Supplied information:
☆ ☆ ☆ ☆ ☆

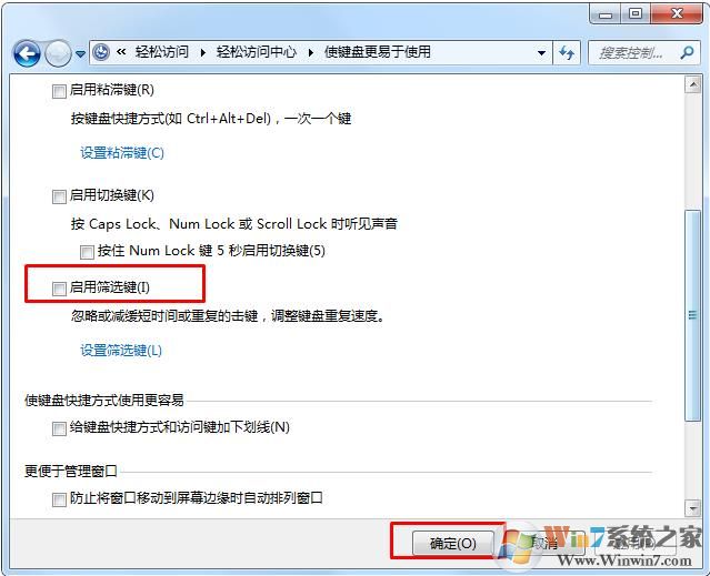 4、然后我們可以找到,啟用篩選鍵 這個選項,取消勾選后,確定。
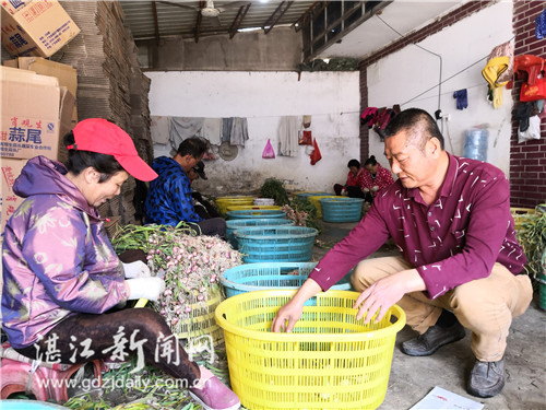 “这是最好的原料蒜,蒜头蒜骨的纤维比绝大多数外地蒜种都要细嫩,口感非常好。”肖观生解释,作为腌制原料的大蒜,种植期约90天,远比蔬菜用蒜要长,单价也贵得多。当天收蒜的价格为每斤5元,比去年便宜了不少。“可惜到了季末,没有多少本地蒜收了。”
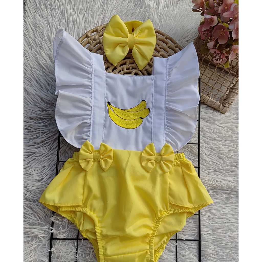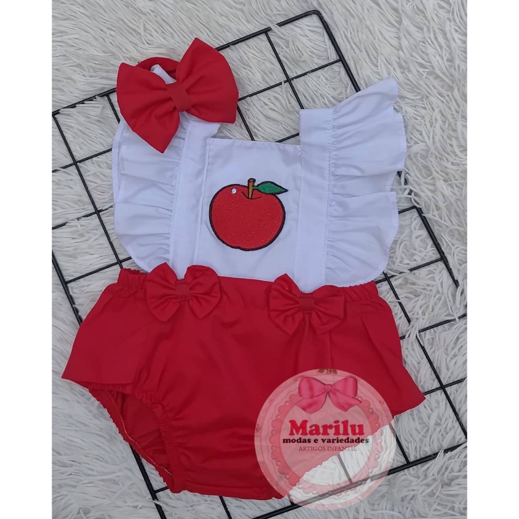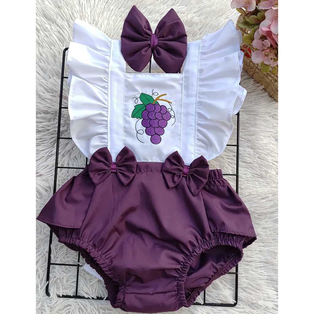 Jardineira romper temático, coleção frutinhas bordadas.

☆ ☆ ☆ ☆ ☆

What the task asks:
Exact repetition of the data is needed, with no images retained.

Answer to this exercise:
 4、然后我們可以找到,啟用篩選鍵 這個選項,取消勾選后,確定。
 “这是最好的原料蒜,蒜头蒜骨的纤维比绝大多数外地蒜种都要细嫩,口感非常好。”肖观生解释,作为腌制原料的大蒜,种植期约90天,远比蔬菜用蒜要长,单价也贵得多。当天收蒜的价格为每斤5元,比去年便宜了不少。“可惜到了季末,没有多少本地蒜收了。”
 Jardineira romper temático, coleção frutinhas bordadas.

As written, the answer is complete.